Now, I’ll admit – I really was in a bad mood that night. Not consciously. Not like I thought to myself at any time before the event happened, “Wow – I am in a bad mood.” Not like that. I was still in a - putting one foot in front of the other – get up – take a shower – put on make-up – go to work – deal with the fact that the electricity is out in half my house due to a faulty breaker – try not to be bitter and just get through the day – kind of way. Not that what happened last weekend alone is what devastated me; it was the culmination of a shitload of bad dates and disappointments. I was at the breaking point.
See – I perceive myself to be a relatively calm person for the most part. I remain calm, cool and collected amongst the extreme stress and chaos that goes on in my job, in my personal life, when up against people freaking out all around me. But the truth is – while I sleep – all that stress gets dealt with. I grind my teeth at night – BAD. If it wasn’t for the mouth guard that I sleep with at night that prevents my jaws from actually touching, my teeth would be worn down to stubs and I would have chronic headaches and muscle cramps in my jaw. I guess maybe I’m really not that calm after all.
So I went to the single’s group hoping that the Word of God would somehow soothe my achy soul and set my mind and heart at peace. Well, no such luck.
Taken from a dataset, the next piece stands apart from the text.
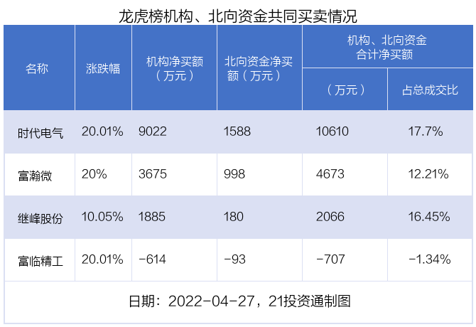 值得注意的是,机构和北向资金共同净买入了时代电气、富瀚微、继峰股份等3股;共同净卖出了富临精工。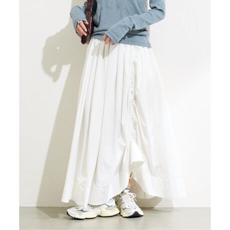 その日の気分でアシンメトリーにあげてみたりできる遊び心あるスカートです。

After some discussion and an opening prayer it was announced that we were all going to play a game.
Not just any game – but Battle of the Sexes!
So here I am – trying with all my heart not to cave in to stereo-typing the opposite sex by my bad experiences but now I’m required to play a game that is going to emphasize the stereo-type.
There was no way I was going to play that game.
There was no delicate way to get out of it either. How DO I always seem to get into these predicaments?
When I first began to protest under my breath – the guy sitting next to me with a big grin on his face said, “Now – be nice”. But niceness had nothing to do with it and I’ve never been one of those “go along to get along” kinds of people. I was a little too vulnerable about that particular subject at that moment to sit and play nice and hope my brokenness is not exposed. So I did the only thing I could do. I said, “I’m not going to play that game.”
I’d just committed the unforgivable sin.
The girl who was leading the meeting said, “But we need your input – your expertise” I wanted to laugh out loud. My expertise?! I have 100% fail rate on my relationships with men. One Hundred Percent FAIL. I can tell you now – I know nothing about men and what I do know – I am struggling hard not to believe. Oh no – no-one needs that kind of expertise right now.
I had to leave. I had to get out of there. I couldn’t stay with all the disappointed looks and guilt-tripping going on. I said, “I have to go.” One of the guys asked me where I was going and I said home.
Then I was outside and the hardest part was over. The blast of cold winter air hit me and helped to clear my head. I got in my van and drove home and it occurred to me that I never had to go back.
Maybe I need less of an emphasis on singles and the differences between the sexes and the “battle” as it were – and more on how there is neither male nor female but we are all ONE in Christ Jesus. (Gal 3:28) I really could use some “unity of the faith” right about now.